◆ Data extract
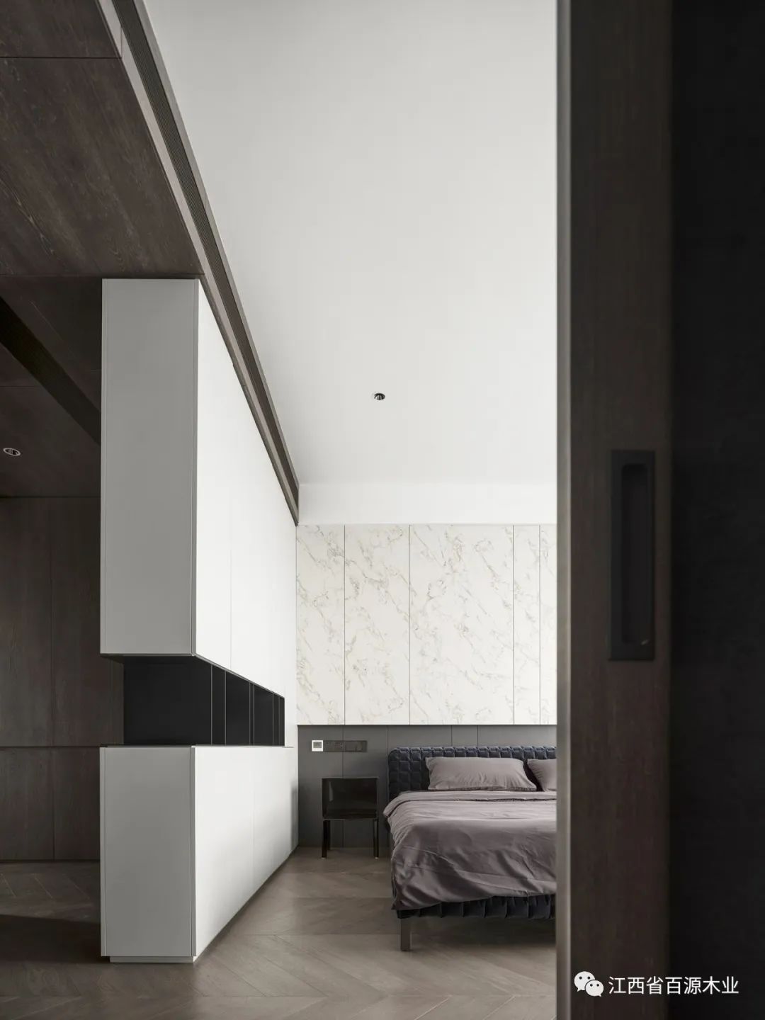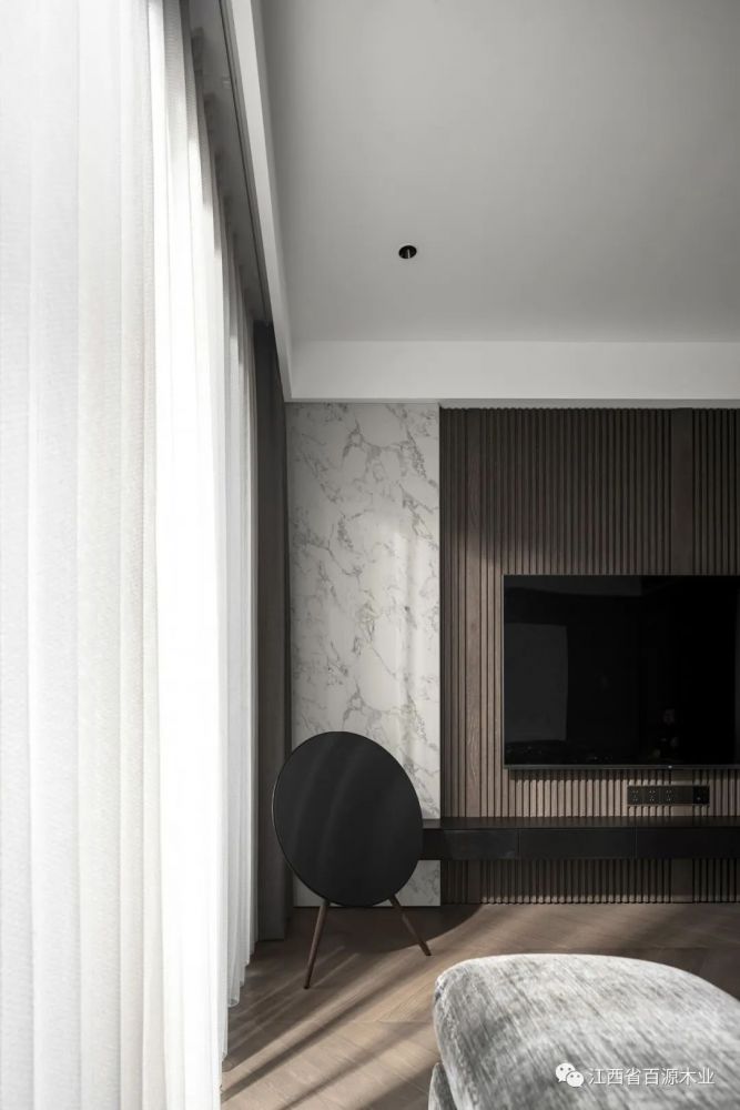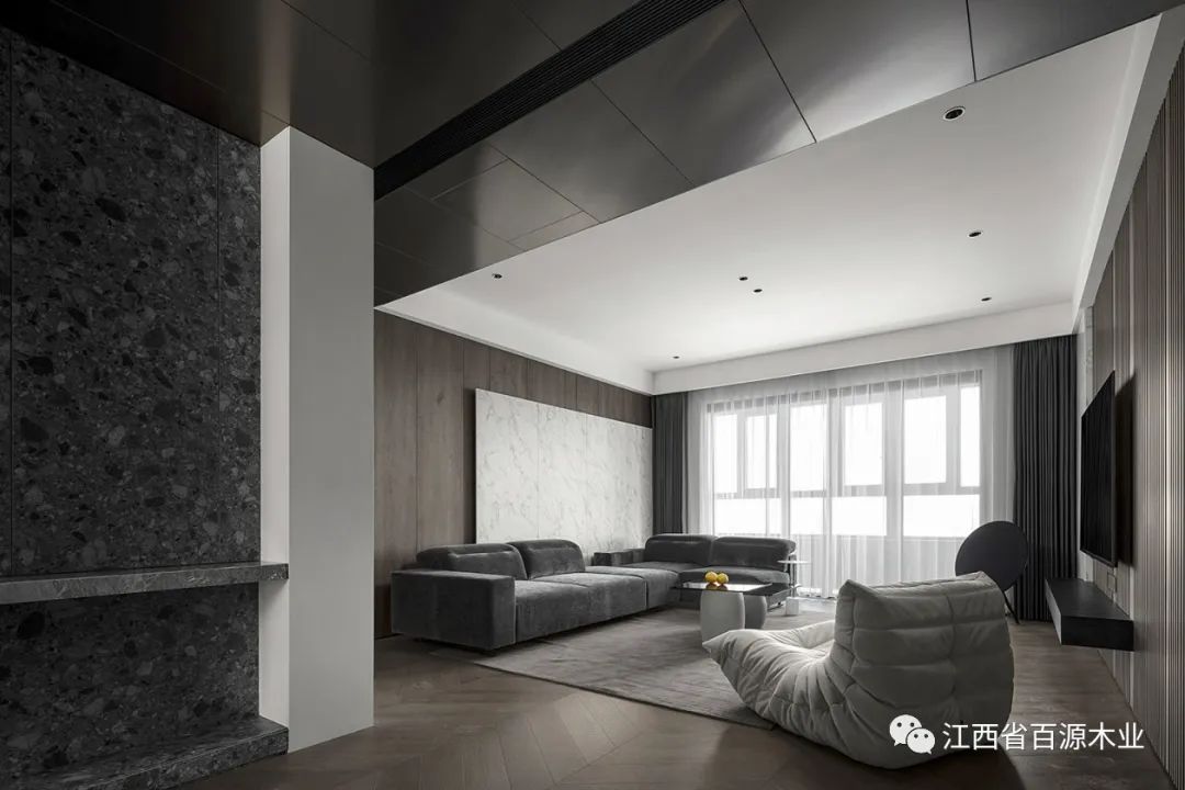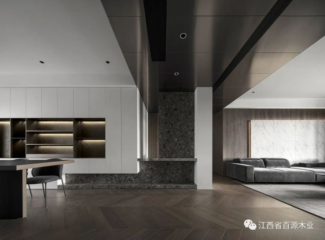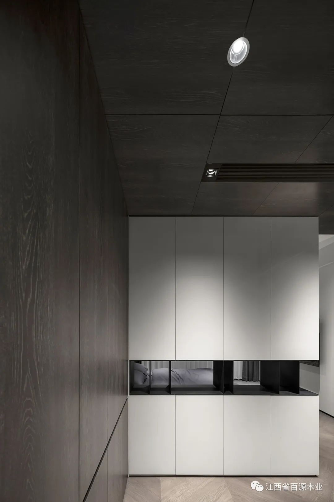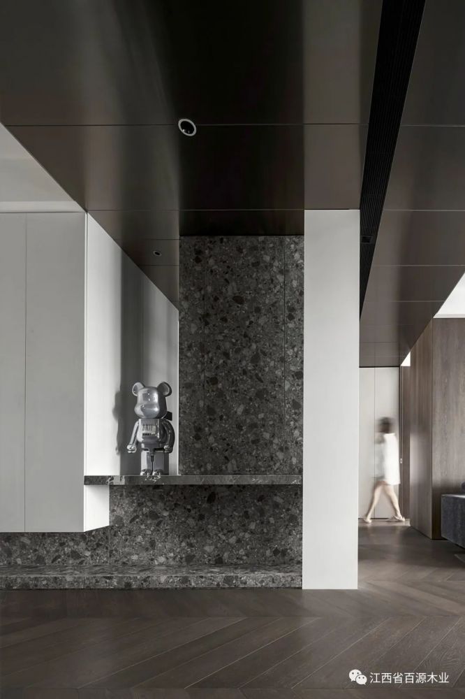 黑白拼接背景墙优雅大方,在沉默的空间中抒写肌理与质感,塑造精神领域的内涵。
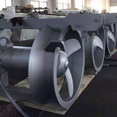叶轮为三片式,叶片宽度大,侧面薄,表面平滑,并且为后掠式,具有自洁功能确保了搅拌器的高效、无堵塞运行。
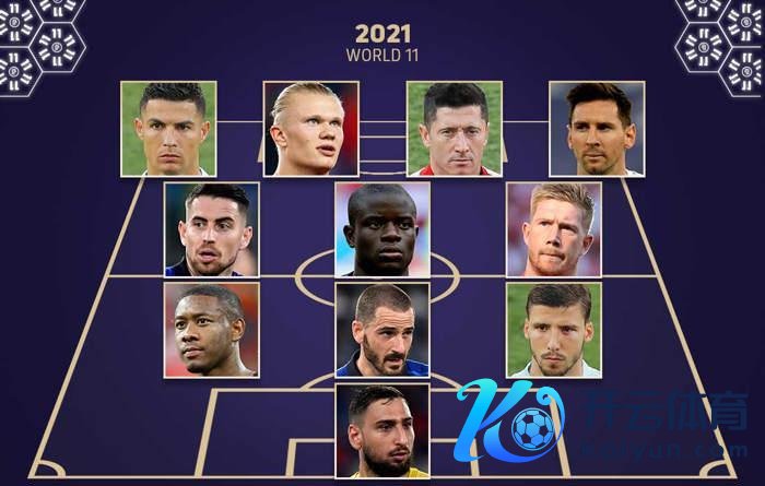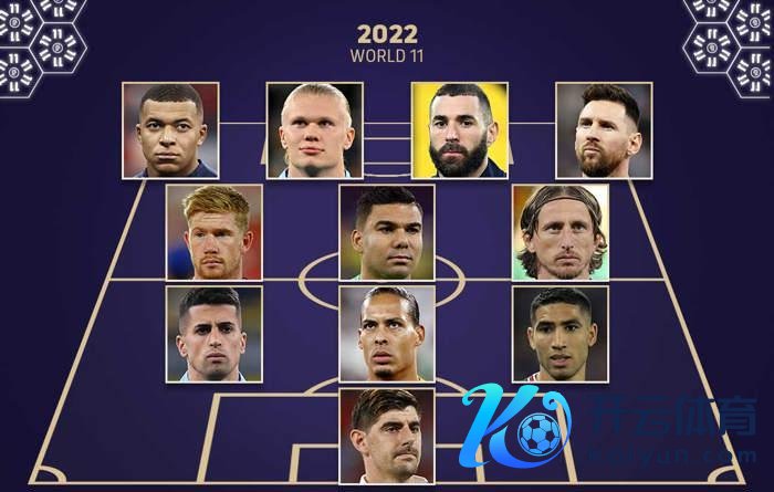 门将:库尔图瓦(比利时);后卫:坎塞洛(葡萄牙)、范迪克(荷兰)、阿什拉夫(摩洛哥);中场:德布劳内(比利时)、卡塞米罗(巴西)、莫德里奇(克罗地亚);时尚:姆巴佩(法国)、哈兰德(挪威)、本泽马(法国)、梅西(阿根廷)

◆ Description of the task
Output the span from the line with "叶轮为三片式,叶片宽度大,侧" through the last line of the data, inclusive and exact, and omit every picture.

◆ Answer below
叶轮为三片式,叶片宽度大,侧面薄,表面平滑,并且为后掠式,具有自洁功能确保了搅拌器的高效、无堵塞运行。
 门将:库尔图瓦(比利时);后卫:坎塞洛(葡萄牙)、范迪克(荷兰)、阿什拉夫(摩洛哥);中场:德布劳内(比利时)、卡塞米罗(巴西)、莫德里奇(克罗地亚);时尚:姆巴佩(法国)、哈兰德(挪威)、本泽马(法国)、梅西(阿根廷)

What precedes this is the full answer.